Re: Code of Conduct and Foundation membership



I don't agree at all with the current direction of the discussion. For me,
pgo is about people.

Yes, I'm interested to learn that Nat will soon get married. Yes, I'm
interested to hear about Mandriva on Frédéric's posts because I don't use
it at all but at least I keep an eye on it thanks to his blog. Even the
mono-bashism of Miguel is sometimes interesting : it allows me to know what
is happening when I want to know. I like to practise my Dutch by reading
Reinout's post and to see if UTF-8 works correctly when seeing Indian's
poems.

I'm happy to meet a fellow GNOME developer at FOSDEM and saying : "So, you
like Karaté/Running/Vegan Cooking ?".

I know some planets that choose to have a "code of conduct" about what
should be posted or not (like planet Ubuntu-f or planet-libre.org). They
all ended by not selecting the people on a quality basis but selecting
posts that "respect the subject of the planet". It results in very-low
quality planet, not interesting and, more importantly, without any soul,
any spirit.

Planet.gnome has a spirit. There's something (called it "soul" if you
want). Don't break it. Remember planet.climate-change joke? That was huge
and enjoyable.


My solution is the following : 

- Each GNOME member should be able to add his feed to pgo. He might want
to change his feed whenever he wants to take a more specialized one or not.
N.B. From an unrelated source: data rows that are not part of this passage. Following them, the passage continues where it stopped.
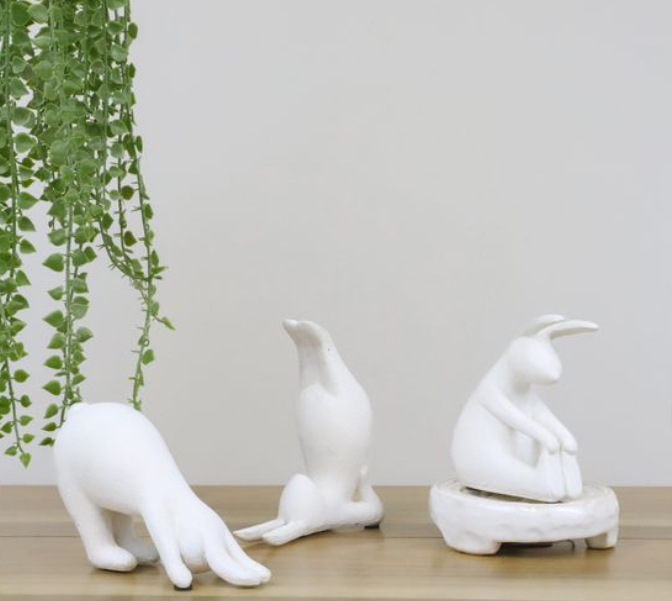 Bring a touch of whimsy to your space with these playful Yoga Bunnies resin figurines. Each bunny strikes a charming yoga pose, adding fun and calm to your décor. Perfect for animal lovers and yoga enthusiasts alike, these durable resin pieces brighten any shelf or desk with their lighthearted spirit. Stretch, smile, and relax with the delightful energy of Yoga Bunnies!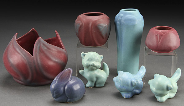 AN EIGHT PIECE GROUPING OF VAN BRIGGLE AMERICAN ART POTTERY, 1930'S AND LATER. Comprising a stylized leaf form bowl, butterfly vase, dragonfly vase, small stylized leaf vase, three cat figures and a rabbit figure. The largest height 6.75 inches (17 cm).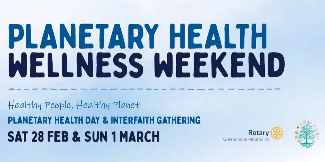 Blue Mountains Planetary Health Centre 33-39 Acacia St, Katoomba, NSW, AustraliaPlanetary Health Wellness Weekend: Healthy People, Healthy Planet The annual Blue Mountains Planetary Health Day and Blue Mountains Interfaith Gathering, at the Blue Mountains Planetary Health Centre in Katoomba. Saturday 28 Feb – Sunday 1 March 2026 Explore physical, mental, spiritual and emotional health in a weekend of community and Read more…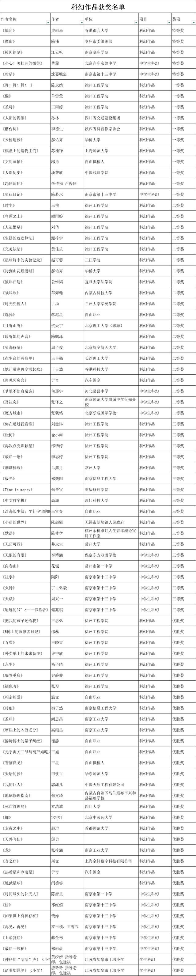 附获奖名单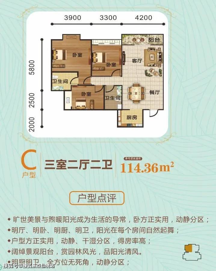 5号楼C户型:明厅,卧室,明厨,明卫,阳光在每个房间自然起舞。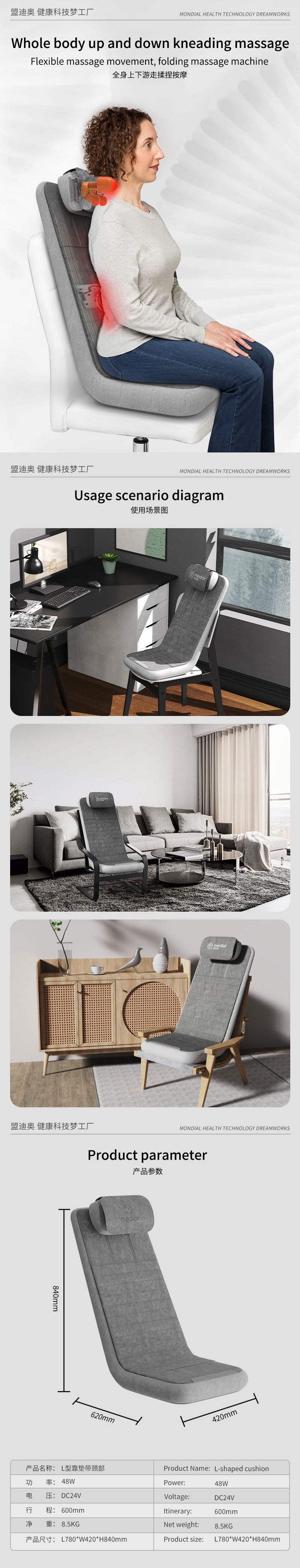 1、L型機(jī)芯結(jié)構(gòu),對折包裝縮小體積2、獨(dú)家專利柔性機(jī)芯3、力度三檔調(diào)節(jié),定點(diǎn)按摩,腰背按摩、臀腿按摩、全背按摩模式選擇4、背部行走揉捏,按摩區(qū)域加長到從肩膀到大腿;5、更加貼合不同款式的椅子整體可對折收納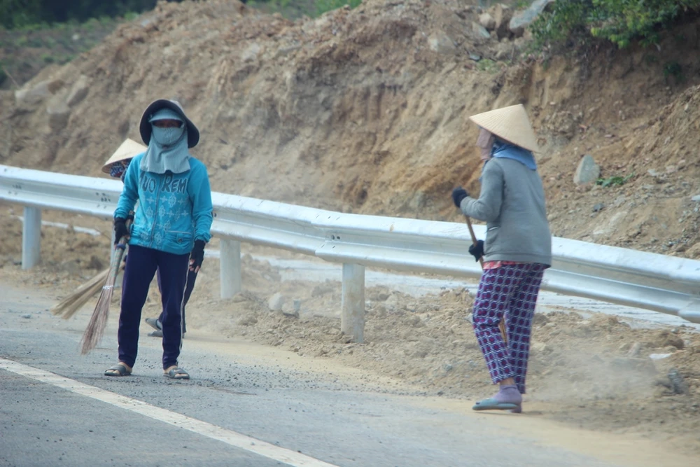 Công nhân tập trung quét dọn mặt đường, sẵn sàng thông xe. Ảnh: TẤN VIỆT

- Each year, a mail is sent to those member asking if they want to stay on
pgo and if they consider themselves still on-topic.

But don't clean whiter than white. There's always off-topic stuffs or
stuff you don't want to read. Just don't read them. Richard don't want to
read stuffs about Mono? I understand, it's his choice and I respect it.
He's not forced to read them. GNOME is about people. Sometimes, people are
doing other stuffs than free software coding (aren't you?). When I'm at
work, I often talk with co-worker about sports, about what I will eat
tonight. When I go to #gnome-hackers, often the discussion is completely
off-topic. Last night, on #gtg, I discussed about chocolates with someone
arguing that there's good chocolate in Italy (can you believe that?). It
was fun. I'm in GNOME because it's fun. GNOME is fun. PGO is fun.

Please, please, please, keep the fun. World is collapsing? It's doing that
for 2.000.000 years already! So, keep the fun…

Lionel


On Wed, 09 Dec 2009 14:27:43 +0100, Frederic Crozat <fcrozat mandriva com>
wrote:
> Le 08/12/2009 16:08, sankarshan a écrit :
>> 2009/12/8 Pierre-Luc Beaudoin<pierre-luc pierlux com>:
>>> On Tue, 2009-12-08 at 03:23 -0500, Behdad Esfahbod wrote:
>>>> But I find it interesting to know, say, what Miguel is up to these
>>>> days. I don't think it's just me...
>>>
>>> I don't believe Frederic was pointing at Miguel.  There are people who
>>> have left the Gnome community working on products that don't use any
>>> Gnome technology posting blog post/ads for said product on PGO.
>>
>> [0] Unless specific names are pointed out to the Board or, on this
>> list, the shadow boxing will be more harmful
> 
> So, let's start (this is list done quickly by me and I haven't contacted

> anybody from it), as basis:
> 
> - Robert Love
> - Christopher Blizzard
> - Miguel De Icaza
> - Nat Friedman
> - Daniel Veillard
> - Edd Dumbill
> - Glynn Foster
> - James Henstridge
> - Jeff Waugh
> - Mark McLoughlin
> - Scott James Remnant
> 
> 
>> [1] How does one define that they have "left the GNOME community" ?
> 
> this list is based on people either no longer blogging at all or not 
> blogging about GNOME and not being active in GNOME. I don't have any 
> problem about people who blogs about non-political oriented things in 
> their life, as long as GNOME is one of those things...
> 
> I'm not even sure I should still be on Planet GNOME (even if I'm release

> team member), since most of my posts aren't about GNOME but about the 
> distribution I work on. And I sometime feels those posts could be seen 
> as propaganda for my distribution.
> 
> Regarding what bedhad said, nothing prevent people to read those people 
> blog outside Planet GNOME (like Planet Mono or anything else).